重生1999我要當學神重生逆襲

十字路口·覆轍近在眼前

那封沉甸甸的保送通知書,林默把它隨手扔在了課桌一角,彷彿那不是改變命運的契機,而是一張無足輕重的廢紙。宿舍走廊裡,那個角落裡同學無聲抽泣的畫面,像一根扎進他心底的刺,拔不出來,也無法忽視。他贏了,卻輸得一塌糊塗——至少在良心這桿秤上,他輸了。

勝利的喜悅被無盡的疲憊和空虛吞噬。數理邏輯的精密計算曾帶給他的掌控感消失殆盡,取而代之的是一種深度無力。他開始失眠,輾轉反側間,前世棉紡廠的那些灰色畫面像走馬燈般在眼前回放。他看見38歲的自己,眼神空洞地坐在財務科那張老舊的辦公桌前,計算著一筆又一筆虧損的報表,聽著機器的轟鳴聲一點點衰弱,最終歸於死寂。

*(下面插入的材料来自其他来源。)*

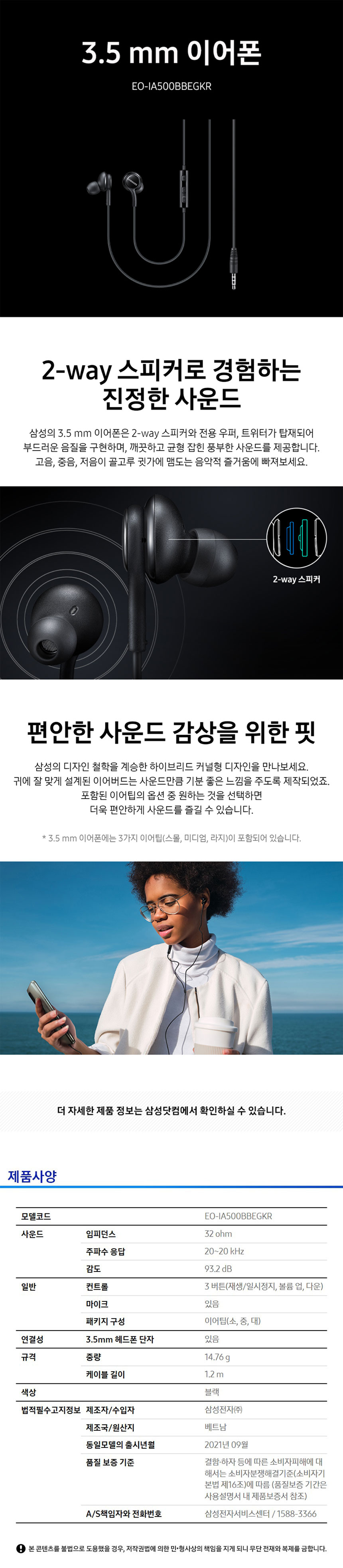 [삼성정품] 3.5mm 스테레오 이어폰 (EO-IA500)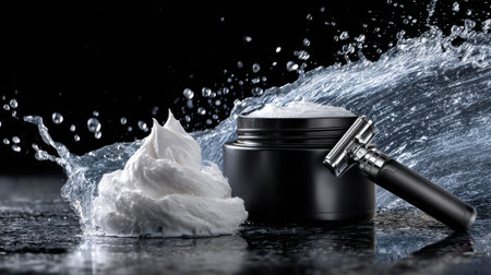 A shaving brush sits next to a jar of shaving cream. Concept of relaxation and self-care, as shaving is often associated with personal grooming and taking care of oneself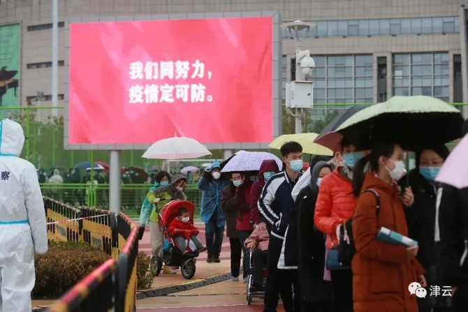 有一种大美之“大”,叫大局意识,群众用“静”诠释。在滨海新区的大街上、社区里,这种“静”抒写大美之大。安静排队的居民,是对工作人员的尊重,是对自我责任的担当;风雨中举起的一把把花伞,是风雨中大家齐心抗疫的默契之花绽放;41天的宝宝熟睡中核酸采样,全程没有哭闹,孩子是纯净的,也是伟大的。全员核酸检测,大家都安心;大家都是分拨来的,没有扎堆儿;现场秩序也非常好;等等。轻轻的话语,悄悄的行动,默默地配合,这就是可敬的天津人。战疫进行时,齐心协力,有大局,人心齐,泰山移,人民大局意识为战疫输入澎湃力量。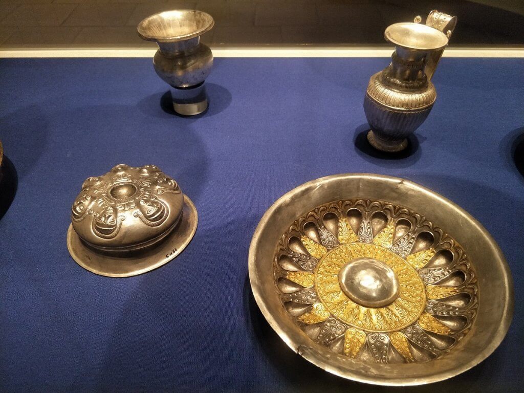 As we came to the end of the regular exhibits we were lead to a room with special locks and guards. As the lights were turned on the gleaming silver and gold was breath-taking. The Rogozen Treasure. This was one of those fairytale stories we all love. An older man was digging a trench in his garden when he found a huge collection including 65 pieces of silver objects. Eventually another 100 vessels were excavated, the largest collection of silver objects from the Thracian era was unearthed.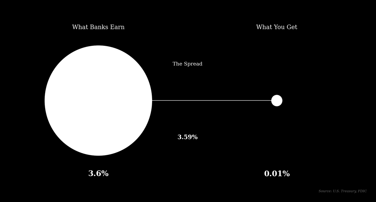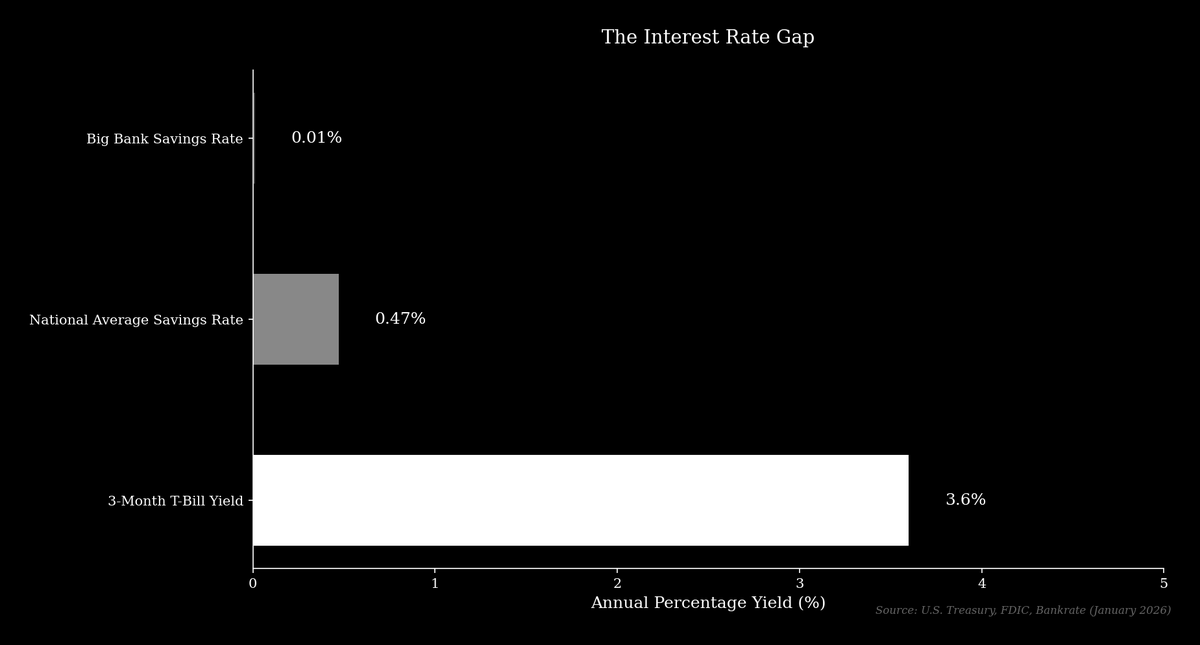 As of early 2026, the national average interest rate on a savings account is 0.47% APY, while the nation’s largest banks, including JPMorgan Chase and Bank of America, offer a standard rate of 0.01% APY on basic savings accounts. During the same period, the yield on a risk-free 3-month U.S. Treasury bill was approximately 3.6%. A large bank can therefore take a customer’s deposit, purchase a government bond, and capture a spread of over 3.5% with minimal risk.

那是一種刻骨銘心的麻木。棉紡廠的車間裡瀰漫著溼熱的棉絮塵埃,與機油混合的陳舊氣味鑽進鼻腔,那是他青春的底色,也是他中年失意的背景音。他想起那些在會議上點頭哈腰,私下卻蠅營狗苟的領導;想起那些為了幾塊錢獎金爭得面紅耳赤的工友;更想起自己是如何從一個意氣風發的大學畢業生,一步步被那個體制消磨掉所有稜角,變成一個精於算計、卻又被時代淘汰的財務科長。

他曾以為重生是一次徹底的洗牌,能夠讓他擺脫過去的陰影,重新定義自己的人生。然而,此刻他卻感到自己正沿著一條熟悉的軌道滑行。他成功地鑽了高考制度的漏洞,拿到了保送名額,這與他前世在財務上“合理避稅”的手段何其相似?他贏得了眼前的苟且,卻發現自己內心的裂縫正在無限擴大,痛苦的深淵近在眼前。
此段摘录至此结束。